** Dataset excerpts **
------------------------------

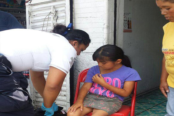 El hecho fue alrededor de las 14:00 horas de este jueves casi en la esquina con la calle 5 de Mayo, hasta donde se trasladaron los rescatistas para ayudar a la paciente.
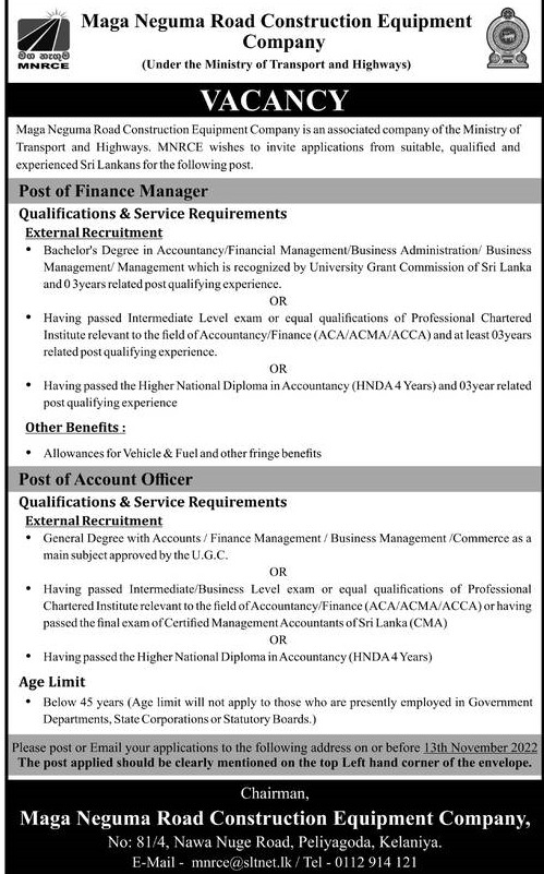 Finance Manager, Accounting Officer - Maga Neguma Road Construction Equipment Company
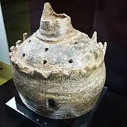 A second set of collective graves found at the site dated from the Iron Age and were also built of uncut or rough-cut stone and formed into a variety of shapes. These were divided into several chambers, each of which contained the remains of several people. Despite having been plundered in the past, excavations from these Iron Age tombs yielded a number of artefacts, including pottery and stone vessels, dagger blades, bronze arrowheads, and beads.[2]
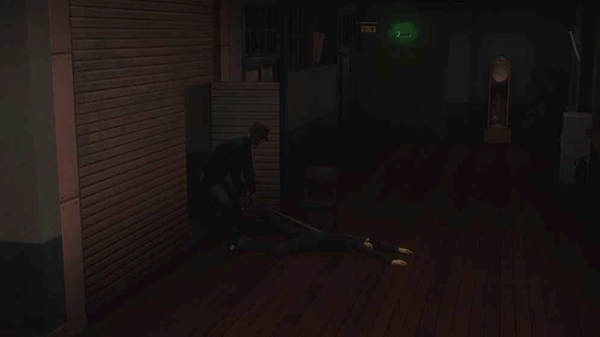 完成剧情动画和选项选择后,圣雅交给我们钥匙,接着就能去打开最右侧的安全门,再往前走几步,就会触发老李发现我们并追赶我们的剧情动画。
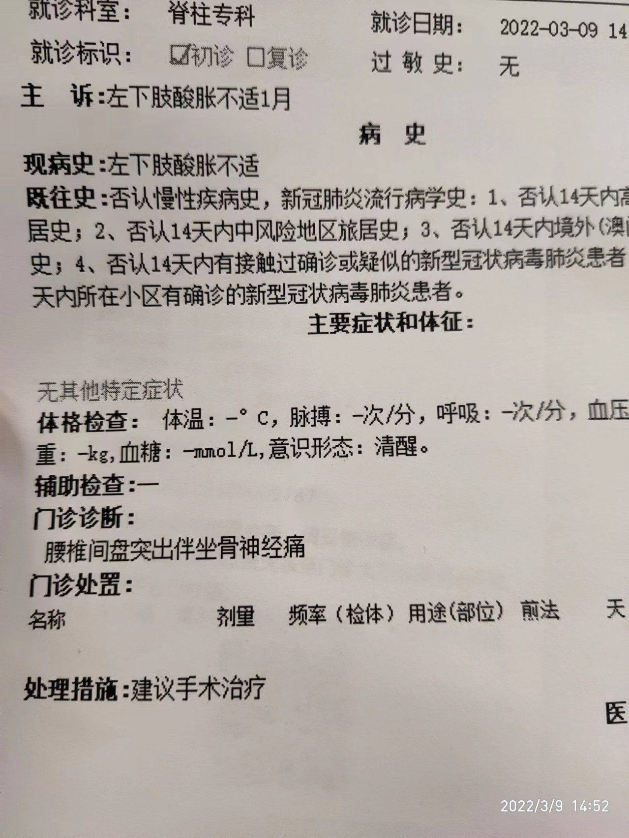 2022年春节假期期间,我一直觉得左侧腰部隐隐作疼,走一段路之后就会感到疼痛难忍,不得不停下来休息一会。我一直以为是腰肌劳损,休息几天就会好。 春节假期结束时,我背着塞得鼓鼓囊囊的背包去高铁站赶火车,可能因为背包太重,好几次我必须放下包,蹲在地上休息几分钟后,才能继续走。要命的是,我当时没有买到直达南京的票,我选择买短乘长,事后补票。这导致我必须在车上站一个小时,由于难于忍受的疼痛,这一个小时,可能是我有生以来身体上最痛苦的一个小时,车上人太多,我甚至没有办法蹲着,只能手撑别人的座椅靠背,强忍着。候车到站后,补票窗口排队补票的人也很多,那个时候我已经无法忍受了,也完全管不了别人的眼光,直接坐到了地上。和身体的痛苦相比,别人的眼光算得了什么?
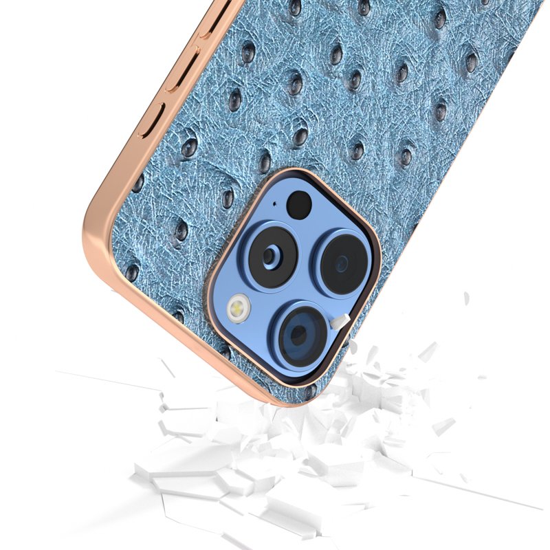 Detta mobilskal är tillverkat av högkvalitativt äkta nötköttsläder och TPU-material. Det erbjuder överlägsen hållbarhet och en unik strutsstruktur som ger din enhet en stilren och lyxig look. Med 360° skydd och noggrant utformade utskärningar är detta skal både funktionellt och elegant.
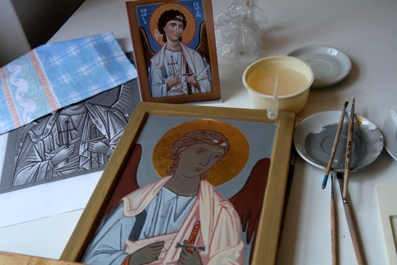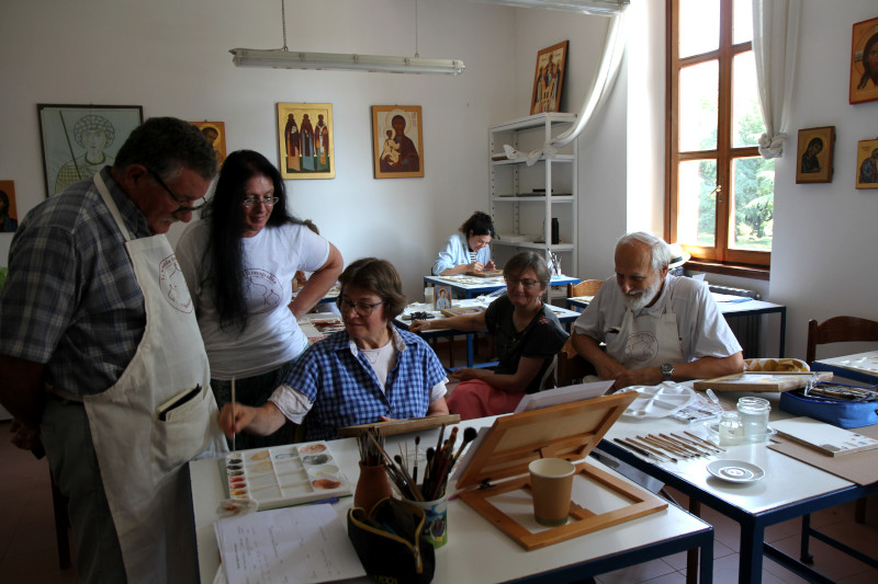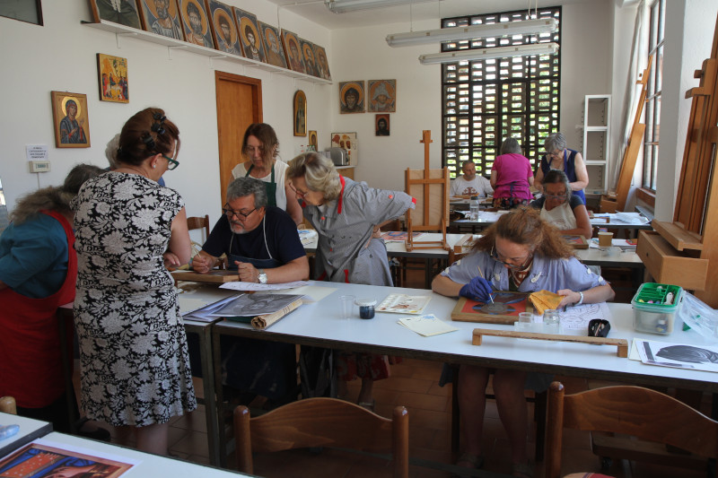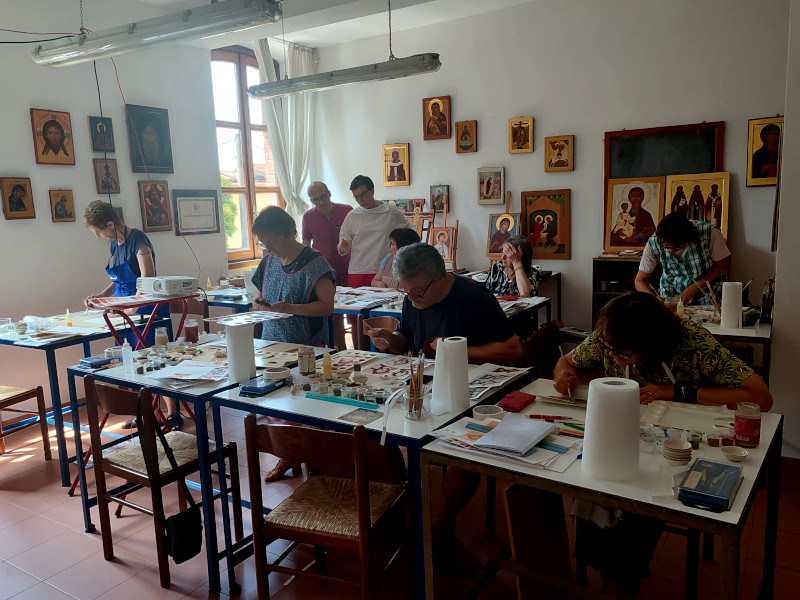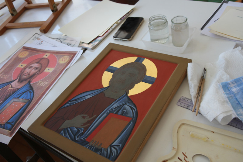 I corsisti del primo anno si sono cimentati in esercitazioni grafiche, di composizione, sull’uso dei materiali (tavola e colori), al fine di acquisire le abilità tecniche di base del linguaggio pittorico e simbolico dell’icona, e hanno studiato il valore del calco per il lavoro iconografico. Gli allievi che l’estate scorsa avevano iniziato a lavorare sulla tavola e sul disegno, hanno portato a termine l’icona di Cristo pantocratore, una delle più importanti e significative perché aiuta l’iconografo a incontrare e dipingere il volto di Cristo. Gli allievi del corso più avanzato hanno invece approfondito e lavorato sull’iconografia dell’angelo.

------------------------------

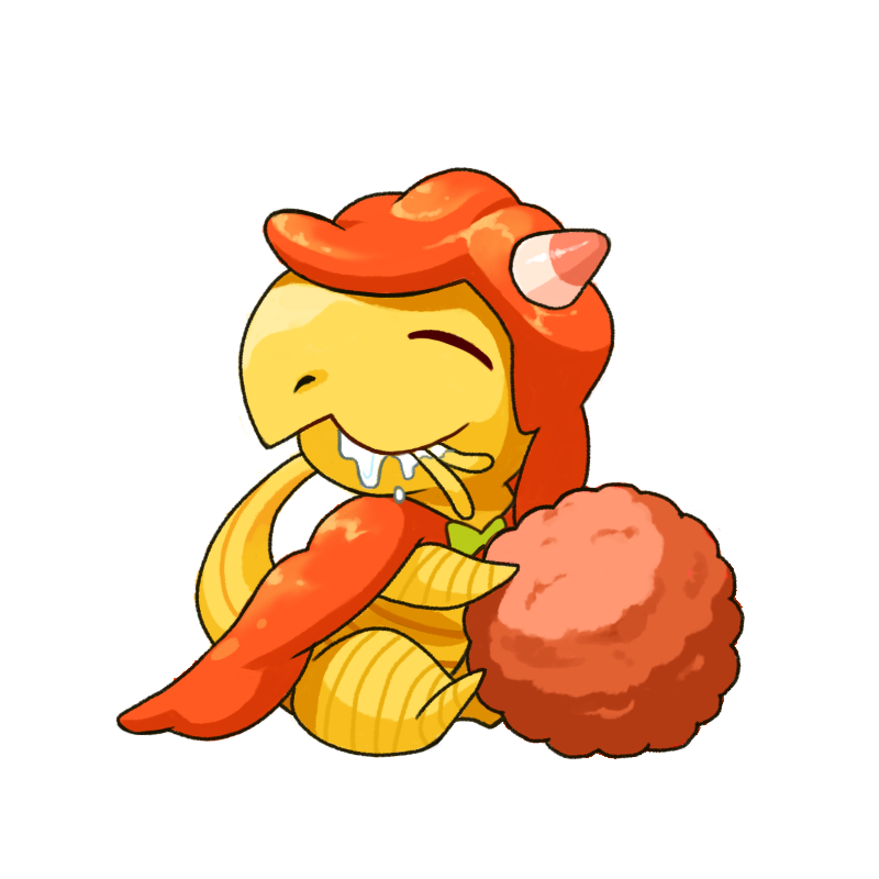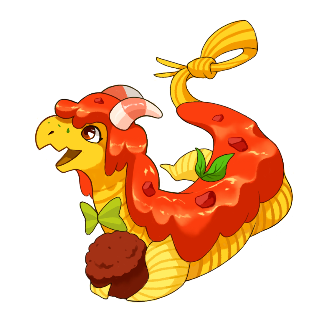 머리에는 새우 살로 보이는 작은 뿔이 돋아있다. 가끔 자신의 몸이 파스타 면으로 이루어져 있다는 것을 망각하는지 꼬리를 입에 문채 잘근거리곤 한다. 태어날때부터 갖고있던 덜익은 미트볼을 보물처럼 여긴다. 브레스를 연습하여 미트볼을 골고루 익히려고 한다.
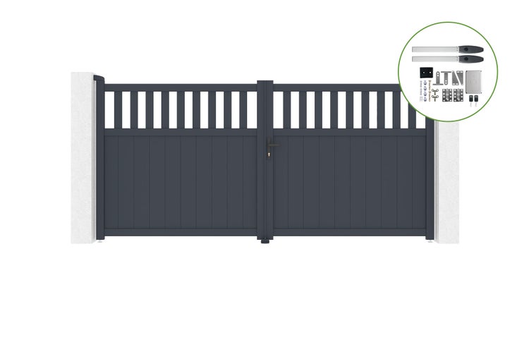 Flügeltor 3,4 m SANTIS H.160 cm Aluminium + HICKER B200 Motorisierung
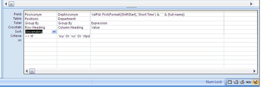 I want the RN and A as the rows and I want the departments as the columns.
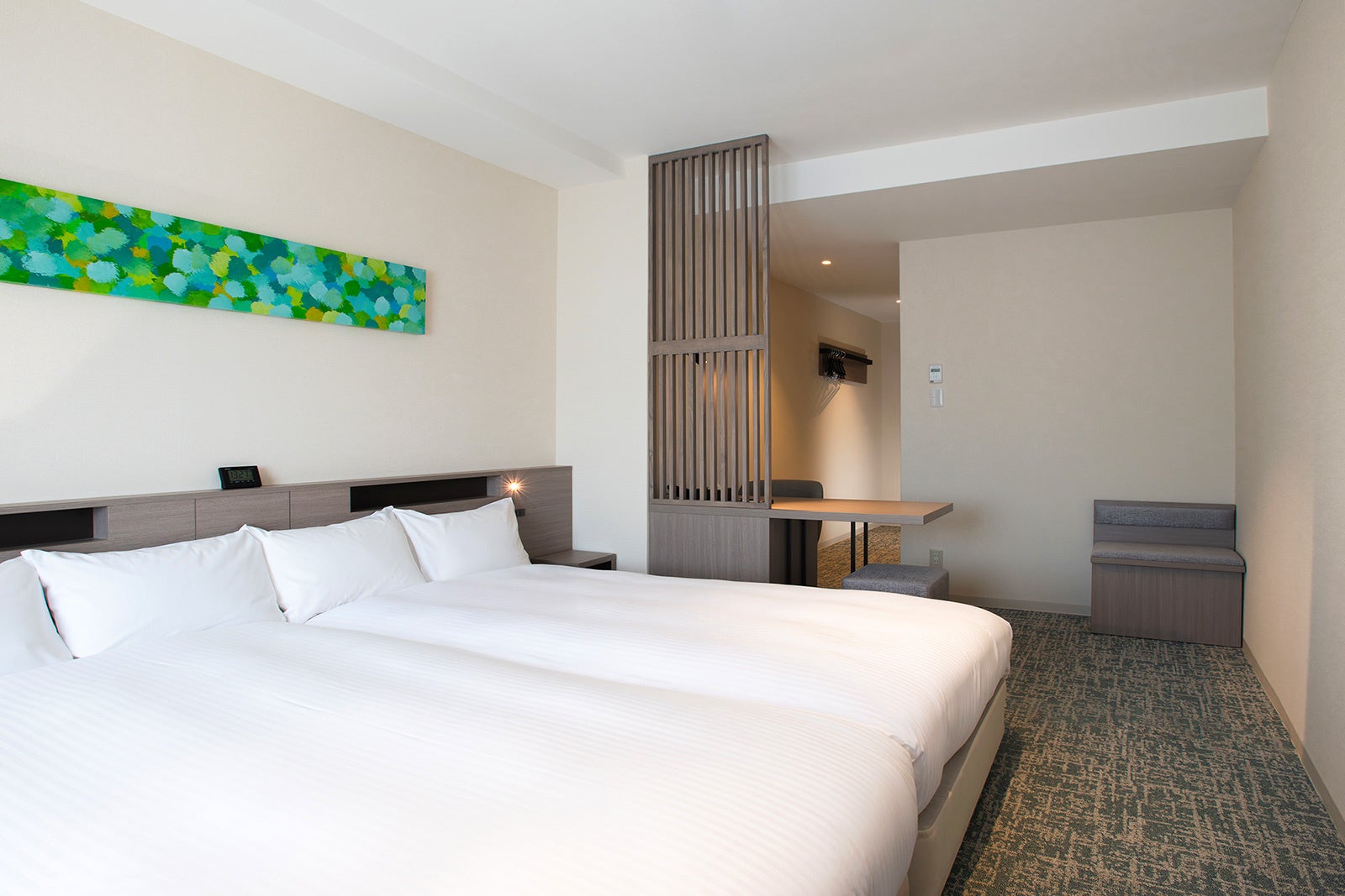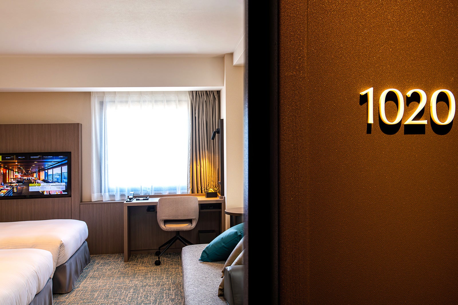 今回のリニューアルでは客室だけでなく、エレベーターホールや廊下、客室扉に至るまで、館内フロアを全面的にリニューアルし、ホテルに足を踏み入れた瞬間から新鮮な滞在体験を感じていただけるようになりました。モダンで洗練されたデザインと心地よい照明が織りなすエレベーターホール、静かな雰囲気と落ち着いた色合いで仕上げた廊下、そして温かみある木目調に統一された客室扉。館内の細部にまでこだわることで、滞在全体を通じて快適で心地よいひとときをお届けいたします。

------------------------------

** Problem to work on **
Although pictures appear among the entries, please set down only the lines from the one with "Detta mobilskal är" up to and including the one with "I corsisti del", word for word.

** Your solution **
 Detta mobilskal är tillverkat av högkvalitativt äkta nötköttsläder och TPU-material. Det erbjuder överlägsen hållbarhet och en unik strutsstruktur som ger din enhet en stilren och lyxig look. Med 360° skydd och noggrant utformade utskärningar är detta skal både funktionellt och elegant.
 I corsisti del primo anno si sono cimentati in esercitazioni grafiche, di composizione, sull’uso dei materiali (tavola e colori), al fine di acquisire le abilità tecniche di base del linguaggio pittorico e simbolico dell’icona, e hanno studiato il valore del calco per il lavoro iconografico. Gli allievi che l’estate scorsa avevano iniziato a lavorare sulla tavola e sul disegno, hanno portato a termine l’icona di Cristo pantocratore, una delle più importanti e significative perché aiuta l’iconografo a incontrare e dipingere il volto di Cristo. Gli allievi del corso più avanzato hanno invece approfondito e lavorato sull’iconografia dell’angelo.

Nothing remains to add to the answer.